## 9.1 A Brief matplotlib API Primer

matplotlib can be a fairly low-level tool. You assemble a plot from its base components: the data display (i.e., the type of plot: line, bar, box, scatter, contour, etc.), legend, title, tick labels, and other annotations.


### Top level methods using `import matplotlib.pyplot as plt`
`plt.plot(data)`  to plot a line

### Axis method: Figures and Subplots (preferred)

1. Create a `Figure` object with `plt.figure(figsize=(10,6))`. `figsize` can be omitted. 
2. add plot axes using `add_subplot`
3. add a plot using the axis method: `ax.plot()`, etc.
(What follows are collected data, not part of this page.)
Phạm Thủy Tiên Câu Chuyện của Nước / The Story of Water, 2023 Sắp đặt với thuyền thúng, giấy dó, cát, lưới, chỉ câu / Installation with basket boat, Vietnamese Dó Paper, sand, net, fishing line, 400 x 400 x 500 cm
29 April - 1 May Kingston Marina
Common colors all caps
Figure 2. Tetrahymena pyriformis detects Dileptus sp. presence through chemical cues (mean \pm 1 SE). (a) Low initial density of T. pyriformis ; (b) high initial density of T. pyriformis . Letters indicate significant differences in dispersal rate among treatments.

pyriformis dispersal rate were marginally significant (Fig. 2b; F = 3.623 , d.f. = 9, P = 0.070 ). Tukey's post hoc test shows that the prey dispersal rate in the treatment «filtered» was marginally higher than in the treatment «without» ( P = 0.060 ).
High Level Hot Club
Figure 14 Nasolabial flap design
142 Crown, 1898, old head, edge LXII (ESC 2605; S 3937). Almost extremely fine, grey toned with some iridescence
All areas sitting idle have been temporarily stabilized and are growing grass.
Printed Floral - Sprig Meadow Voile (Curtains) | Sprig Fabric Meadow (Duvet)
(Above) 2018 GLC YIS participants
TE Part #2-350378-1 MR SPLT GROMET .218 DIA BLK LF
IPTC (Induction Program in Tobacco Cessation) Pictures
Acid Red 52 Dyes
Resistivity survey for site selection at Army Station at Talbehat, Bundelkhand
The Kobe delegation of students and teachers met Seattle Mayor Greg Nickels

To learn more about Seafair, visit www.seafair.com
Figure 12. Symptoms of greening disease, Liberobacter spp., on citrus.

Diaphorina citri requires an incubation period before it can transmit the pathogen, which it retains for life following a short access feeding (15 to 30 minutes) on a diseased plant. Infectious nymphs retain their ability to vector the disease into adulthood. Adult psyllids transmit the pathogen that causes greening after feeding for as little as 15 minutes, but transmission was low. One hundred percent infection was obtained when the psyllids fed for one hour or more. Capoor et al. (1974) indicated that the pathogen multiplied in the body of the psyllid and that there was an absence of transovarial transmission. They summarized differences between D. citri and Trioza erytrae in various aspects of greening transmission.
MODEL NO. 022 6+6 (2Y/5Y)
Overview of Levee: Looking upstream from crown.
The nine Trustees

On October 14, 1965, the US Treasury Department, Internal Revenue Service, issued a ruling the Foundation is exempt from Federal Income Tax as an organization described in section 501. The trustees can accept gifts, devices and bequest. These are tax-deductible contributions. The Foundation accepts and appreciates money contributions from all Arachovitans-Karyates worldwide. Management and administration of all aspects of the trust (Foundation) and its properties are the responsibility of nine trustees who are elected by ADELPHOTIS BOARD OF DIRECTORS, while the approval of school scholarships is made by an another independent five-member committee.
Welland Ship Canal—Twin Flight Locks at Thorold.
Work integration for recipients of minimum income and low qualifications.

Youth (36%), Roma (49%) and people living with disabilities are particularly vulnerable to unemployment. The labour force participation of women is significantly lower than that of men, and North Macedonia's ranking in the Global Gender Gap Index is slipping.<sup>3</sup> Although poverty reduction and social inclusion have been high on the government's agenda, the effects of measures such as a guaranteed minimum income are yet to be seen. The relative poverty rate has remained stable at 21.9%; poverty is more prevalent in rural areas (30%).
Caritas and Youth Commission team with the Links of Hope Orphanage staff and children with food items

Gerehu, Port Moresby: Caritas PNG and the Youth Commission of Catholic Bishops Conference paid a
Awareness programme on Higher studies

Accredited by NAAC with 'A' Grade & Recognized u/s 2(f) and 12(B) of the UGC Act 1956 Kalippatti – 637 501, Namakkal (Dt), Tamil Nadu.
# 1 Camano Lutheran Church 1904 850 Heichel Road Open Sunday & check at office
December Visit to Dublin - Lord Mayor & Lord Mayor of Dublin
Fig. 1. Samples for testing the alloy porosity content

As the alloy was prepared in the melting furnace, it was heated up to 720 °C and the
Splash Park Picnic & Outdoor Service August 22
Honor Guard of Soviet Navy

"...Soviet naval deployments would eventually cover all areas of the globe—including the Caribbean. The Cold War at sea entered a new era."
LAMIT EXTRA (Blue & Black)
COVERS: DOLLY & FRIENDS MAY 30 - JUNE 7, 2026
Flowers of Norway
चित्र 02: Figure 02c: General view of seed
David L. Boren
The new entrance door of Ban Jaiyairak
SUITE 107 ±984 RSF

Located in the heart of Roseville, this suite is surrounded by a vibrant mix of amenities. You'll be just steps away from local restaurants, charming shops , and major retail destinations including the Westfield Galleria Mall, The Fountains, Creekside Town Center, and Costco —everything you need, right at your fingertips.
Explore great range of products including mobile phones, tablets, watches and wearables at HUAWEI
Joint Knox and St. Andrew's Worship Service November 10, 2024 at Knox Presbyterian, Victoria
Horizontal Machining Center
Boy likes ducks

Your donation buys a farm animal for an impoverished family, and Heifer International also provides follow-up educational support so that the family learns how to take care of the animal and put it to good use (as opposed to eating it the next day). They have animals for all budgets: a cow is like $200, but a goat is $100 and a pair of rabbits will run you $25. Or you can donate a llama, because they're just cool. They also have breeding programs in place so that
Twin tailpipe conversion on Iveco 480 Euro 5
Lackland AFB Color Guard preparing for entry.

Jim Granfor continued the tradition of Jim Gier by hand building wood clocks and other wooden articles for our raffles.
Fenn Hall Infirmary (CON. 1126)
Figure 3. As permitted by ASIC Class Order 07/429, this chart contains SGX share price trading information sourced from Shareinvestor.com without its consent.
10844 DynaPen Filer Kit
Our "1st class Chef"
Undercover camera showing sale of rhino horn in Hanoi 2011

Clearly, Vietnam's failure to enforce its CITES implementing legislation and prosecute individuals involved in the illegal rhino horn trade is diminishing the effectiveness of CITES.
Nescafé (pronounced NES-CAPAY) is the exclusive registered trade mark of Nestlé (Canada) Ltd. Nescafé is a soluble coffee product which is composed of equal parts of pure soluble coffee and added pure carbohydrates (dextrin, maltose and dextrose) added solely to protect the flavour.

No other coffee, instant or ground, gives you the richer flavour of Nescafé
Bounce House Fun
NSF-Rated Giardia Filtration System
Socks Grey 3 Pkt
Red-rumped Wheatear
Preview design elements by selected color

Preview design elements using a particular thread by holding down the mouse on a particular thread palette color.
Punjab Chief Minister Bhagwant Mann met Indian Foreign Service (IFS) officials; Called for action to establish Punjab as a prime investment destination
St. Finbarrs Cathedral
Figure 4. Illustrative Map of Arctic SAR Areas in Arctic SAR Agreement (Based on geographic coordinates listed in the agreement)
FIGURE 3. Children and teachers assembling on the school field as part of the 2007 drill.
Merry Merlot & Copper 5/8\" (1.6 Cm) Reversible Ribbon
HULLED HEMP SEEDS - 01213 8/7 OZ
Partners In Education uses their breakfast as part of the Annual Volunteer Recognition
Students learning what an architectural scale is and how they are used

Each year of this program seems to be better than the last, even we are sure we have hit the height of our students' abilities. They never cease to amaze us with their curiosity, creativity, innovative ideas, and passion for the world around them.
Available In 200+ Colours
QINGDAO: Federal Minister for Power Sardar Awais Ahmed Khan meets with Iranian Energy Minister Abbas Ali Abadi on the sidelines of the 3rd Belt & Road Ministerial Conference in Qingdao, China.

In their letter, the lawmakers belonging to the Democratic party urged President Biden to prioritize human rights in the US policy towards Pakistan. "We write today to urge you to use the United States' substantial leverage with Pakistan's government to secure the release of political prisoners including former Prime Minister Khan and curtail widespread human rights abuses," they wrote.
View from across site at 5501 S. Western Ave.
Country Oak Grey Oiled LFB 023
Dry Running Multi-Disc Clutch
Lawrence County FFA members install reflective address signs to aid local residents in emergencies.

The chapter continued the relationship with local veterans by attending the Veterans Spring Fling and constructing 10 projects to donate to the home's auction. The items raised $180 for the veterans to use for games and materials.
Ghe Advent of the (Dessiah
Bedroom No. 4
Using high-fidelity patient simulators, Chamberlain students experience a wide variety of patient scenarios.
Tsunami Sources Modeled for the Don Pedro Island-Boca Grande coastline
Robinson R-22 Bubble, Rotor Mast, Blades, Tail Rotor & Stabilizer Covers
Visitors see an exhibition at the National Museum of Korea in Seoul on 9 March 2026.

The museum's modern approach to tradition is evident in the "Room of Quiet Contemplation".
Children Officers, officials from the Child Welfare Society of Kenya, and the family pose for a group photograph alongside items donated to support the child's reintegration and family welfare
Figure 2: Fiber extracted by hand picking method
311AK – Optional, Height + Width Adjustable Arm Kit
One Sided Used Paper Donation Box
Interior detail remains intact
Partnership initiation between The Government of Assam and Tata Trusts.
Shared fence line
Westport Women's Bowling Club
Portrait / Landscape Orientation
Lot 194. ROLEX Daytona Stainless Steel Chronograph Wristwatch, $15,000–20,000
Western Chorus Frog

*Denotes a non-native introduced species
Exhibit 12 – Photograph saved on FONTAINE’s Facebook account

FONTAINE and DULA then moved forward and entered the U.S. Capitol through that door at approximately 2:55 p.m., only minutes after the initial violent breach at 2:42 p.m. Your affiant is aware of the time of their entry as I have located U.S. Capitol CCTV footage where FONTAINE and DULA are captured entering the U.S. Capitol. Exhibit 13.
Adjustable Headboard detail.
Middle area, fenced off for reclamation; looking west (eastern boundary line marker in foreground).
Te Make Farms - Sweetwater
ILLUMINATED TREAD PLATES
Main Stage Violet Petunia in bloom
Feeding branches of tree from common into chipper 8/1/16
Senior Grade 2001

Possible plot types are: `.plot`, `.hist`, `.scatter`, etc

```
fig = plt.figure()
ax1 = fig.add_subplot(2, 2, 1)
ax2 = fig.add_subplot(2, 2, 2)
ax3 = fig.add_subplot(2, 2, 3)
ax3.plot(np.random.standard_normal(50).cumsum(), color="black",
         linestyle="dashed")
ax1.hist(np.random.standard_normal(100), bins=20, color="black", alpha=0.3);
ax2.scatter(np.arange(30), np.arange(30) + 3 * np.random.standard_normal(30));
```

`plt.close("all")`# close all open figures. 

 `plt.subplots` = `plt.figure()` + `plt.add_subplot()`. 

The axes array can then be indexed like a two-dimensional array; for example, `axes[0, 1]` refers to the subplot in the top row at the center. You can also indicate that subplots should have the same `x`- or `y`-axis using `sharex` and `sharey`, respectively. 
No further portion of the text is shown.